**Work to complete**
Send back the data below exactly. Drop every picture.

**Stored data**
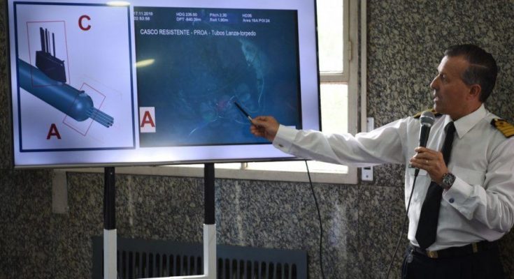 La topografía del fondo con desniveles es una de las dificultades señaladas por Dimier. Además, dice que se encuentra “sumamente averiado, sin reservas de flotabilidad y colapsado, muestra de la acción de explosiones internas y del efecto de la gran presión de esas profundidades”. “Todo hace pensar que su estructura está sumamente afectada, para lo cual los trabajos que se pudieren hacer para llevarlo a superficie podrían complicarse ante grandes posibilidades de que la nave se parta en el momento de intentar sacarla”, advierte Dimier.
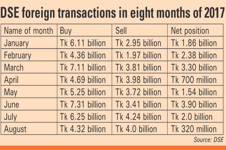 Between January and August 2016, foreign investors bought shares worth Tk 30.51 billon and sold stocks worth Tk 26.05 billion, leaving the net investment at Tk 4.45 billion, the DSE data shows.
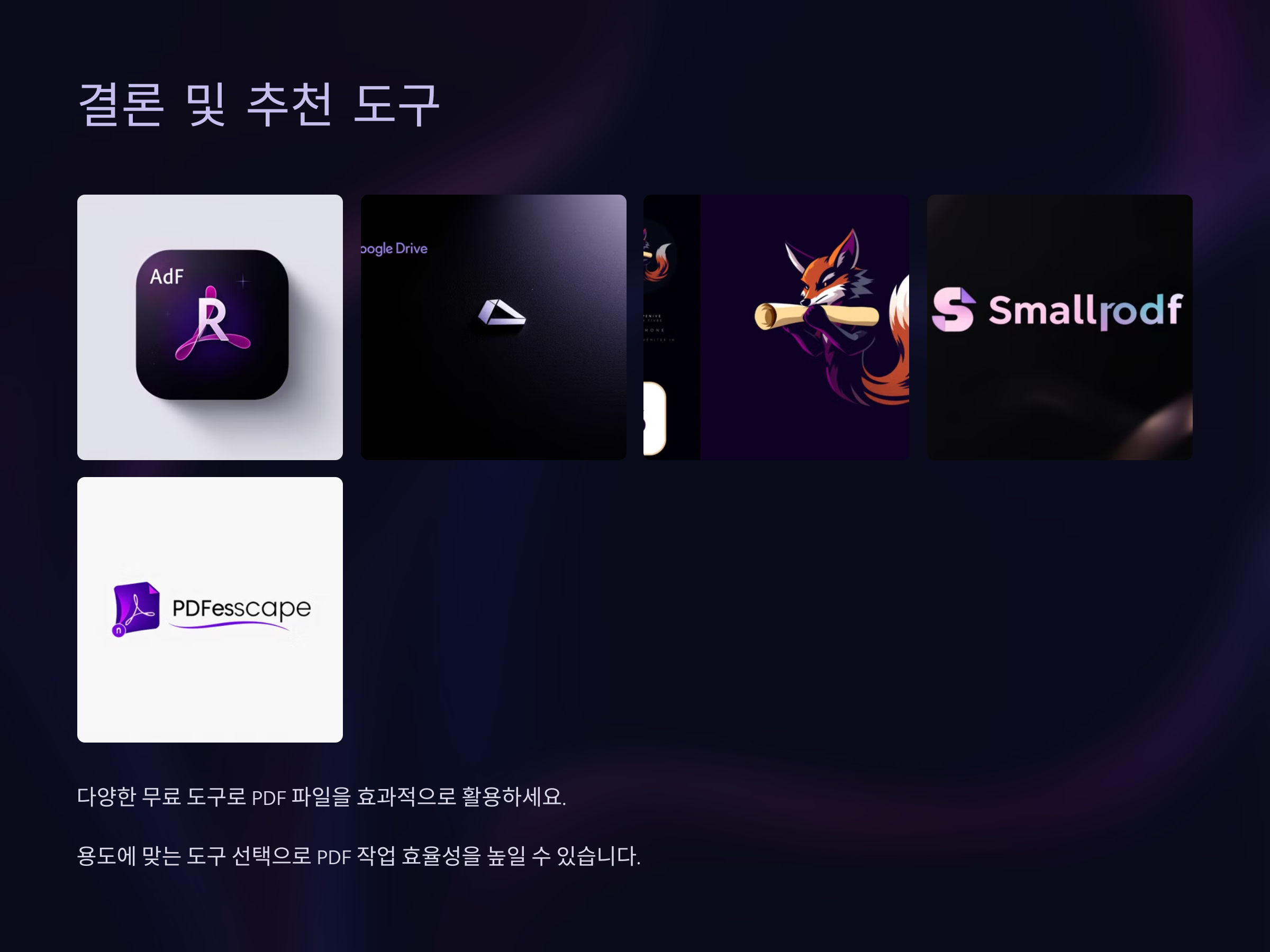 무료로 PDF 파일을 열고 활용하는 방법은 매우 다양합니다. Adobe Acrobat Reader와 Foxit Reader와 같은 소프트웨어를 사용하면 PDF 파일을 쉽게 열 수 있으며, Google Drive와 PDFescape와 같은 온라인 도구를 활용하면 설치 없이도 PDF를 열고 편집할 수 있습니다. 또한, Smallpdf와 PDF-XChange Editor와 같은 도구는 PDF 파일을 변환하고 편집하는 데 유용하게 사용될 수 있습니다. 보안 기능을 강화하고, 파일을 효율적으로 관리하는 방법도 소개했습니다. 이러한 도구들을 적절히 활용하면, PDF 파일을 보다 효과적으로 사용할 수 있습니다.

**Written response**
 La topografía del fondo con desniveles es una de las dificultades señaladas por Dimier. Además, dice que se encuentra “sumamente averiado, sin reservas de flotabilidad y colapsado, muestra de la acción de explosiones internas y del efecto de la gran presión de esas profundidades”. “Todo hace pensar que su estructura está sumamente afectada, para lo cual los trabajos que se pudieren hacer para llevarlo a superficie podrían complicarse ante grandes posibilidades de que la nave se parta en el momento de intentar sacarla”, advierte Dimier.
 Between January and August 2016, foreign investors bought shares worth Tk 30.51 billon and sold stocks worth Tk 26.05 billion, leaving the net investment at Tk 4.45 billion, the DSE data shows.
 무료로 PDF 파일을 열고 활용하는 방법은 매우 다양합니다. Adobe Acrobat Reader와 Foxit Reader와 같은 소프트웨어를 사용하면 PDF 파일을 쉽게 열 수 있으며, Google Drive와 PDFescape와 같은 온라인 도구를 활용하면 설치 없이도 PDF를 열고 편집할 수 있습니다. 또한, Smallpdf와 PDF-XChange Editor와 같은 도구는 PDF 파일을 변환하고 편집하는 데 유용하게 사용될 수 있습니다. 보안 기능을 강화하고, 파일을 효율적으로 관리하는 방법도 소개했습니다. 이러한 도구들을 적절히 활용하면, PDF 파일을 보다 효과적으로 사용할 수 있습니다.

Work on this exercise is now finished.